Council Speaker Corey Johnson, Council Member Rory Lancman, Chair of the Committee on the Justice System, and Council Member Donavan Richards, Chair of the Committee on Public Safety, are calling on the city’s top law enforcement officials to take all necessary measures to keep as many New Yorkers as possible out of the criminal justice system in the midst of the coronavirus pandemic.
The announcement comes just as, Wednesday morning, it was revealed that a Corrections Officer working on Rikers Island tested positive for COVID-19.
Currently, there are over 900 people held in jails on Rikers Island over the age of 50. At least two-thirds have chronic medical conditions, around 300 are held on a parole warrant, around 200 are held on bail, and 75 on a city sentence.
One of the first NYC deaths due to coronavirus was an investigator who works on Rikers.
In the letter sent on Wednesday addressed to Mayor de Blasio, Chief Judge Janet DiFiore, Director of the Mayor’s Office of Criminal Justice Elizabeth Glazer, and the city’s district attorneys, Johnson, Lancman and Richards requested the NYPD to stop making low level arrests for cases like low-level minor drug possession; arrests that target street vendors, canners, fare evaders, those perceived to be sex workers: and failure to appear in court during the virus crisis as they are putting the public health is at risk.
“While we acknowledge that incarceration may be necessary for those charged with serious crimes, we ask for the use of bail or remand only in cases when absolutely necessary during this public health crisis,” the group wrote in the letter.
“People who get arrested end up spending hours and hours in a small room with strangers waiting to see a judge. We know that many of these people are at higher risk for COVID-19. The potential for the virus to spread in these close quarters is enormous. We must stop forcing people unnecessarily into an environment in which the virus can easily spread. Many of them will be released within hours, so this is for the safety of all New Yorkers.”

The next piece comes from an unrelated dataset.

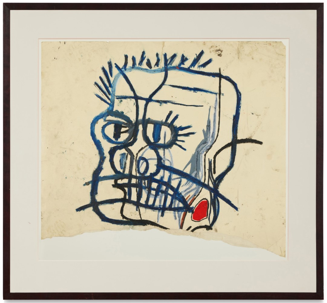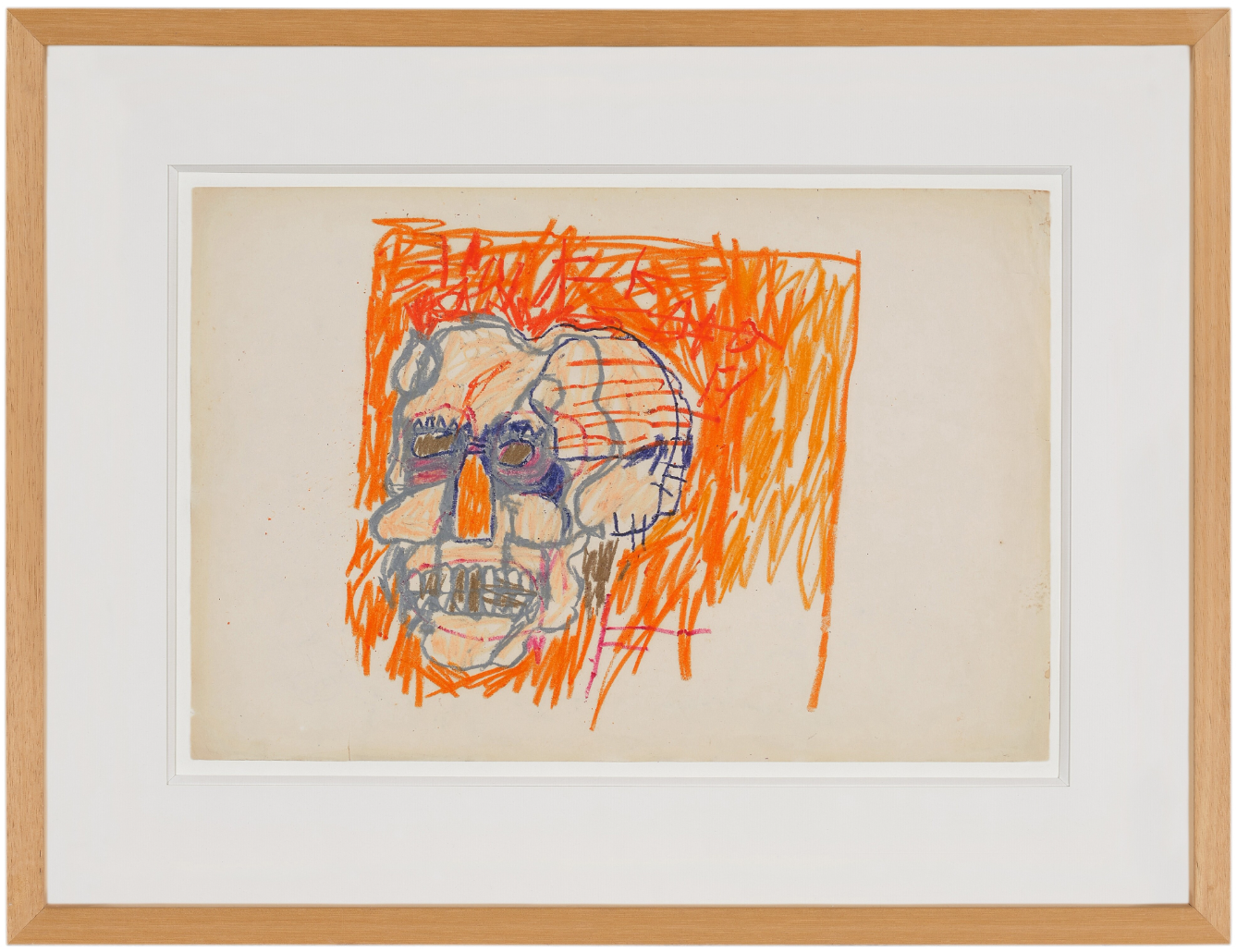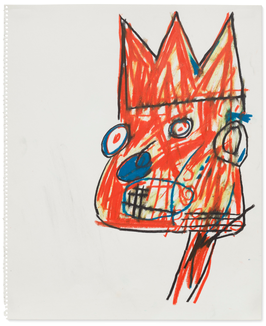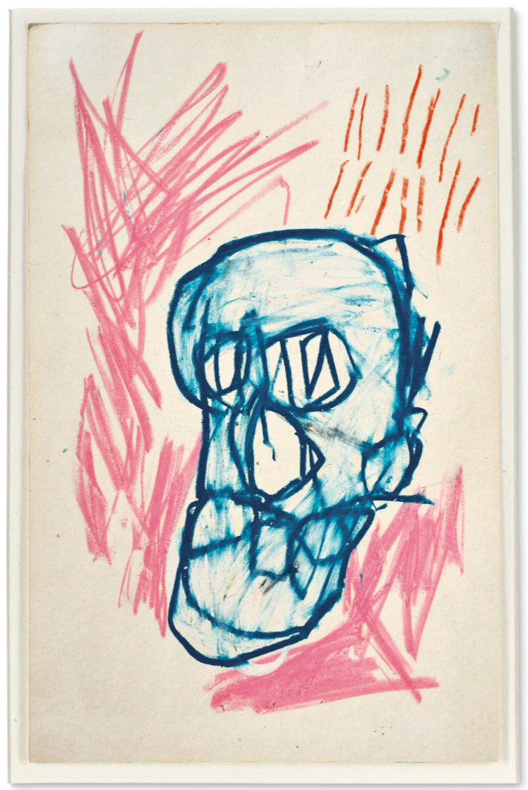 The curator Jeffrey Deitch delivered the eulogy at Basquiat’s funeral. ‘He was a personality unlike any other—a remarkable breadth, intelligence, passion, sympathy, generosity’, he told the congregation. His ‘charisma’ and ‘strength of character’, he went on, was such that even ‘a few lines drawn on paper could communicate so much’ (J. Deitch, quoted in P. Hoban, Basquiat: A Quick Killing in Art, London 1988, p. 311). The present work, ultimately, bears witness to this statement. Within a single oilstick head, Basquiat captures a life lived through art: from the child who pored over Gray’s Anatomy and the drawings of Leonardo da Vinci, to the young man working tirelessly in his studio to the thrum of cartoons and hip-hop music. It tells of days spent in the Brooklyn Museum looking at tribal masks and ancient Egyptian artefacts, and hours spent in front of Picasso’s Guernica at the Museum of Modern Art. His line crackles with energy; the surface quivers with the trace of his hand. It is a moving testament to an artist whose career was all too brief, and one who would live on through his art.

Also on Wednesday, Public Advocate Jumaane Williams, Council Member Brad Lander, Communities United for Police Reform, and a coalition of criminal justice advocates held a virtual press conference calling on the same:
“Over-incarceration and the approach to broken windows policing have long been a disastrous approach devastating lives and communities,” said Williams in a statement. “Now, amid the rapid spread of COVID-19, the public health danger is even greater and more acute. I’m calling on the NYPD to suspend non-violent, so-called victimless quality of life arrests which could increase exposure rates among at-risk individuals…
“If we value safety in this city, we value safety. If we value health, we value health. If we value each other, we value each other. If we continue to knowingly expose the most vulnerable New Yorkers to this disease through over policing of broken-windows offenses, those values are laid bare.”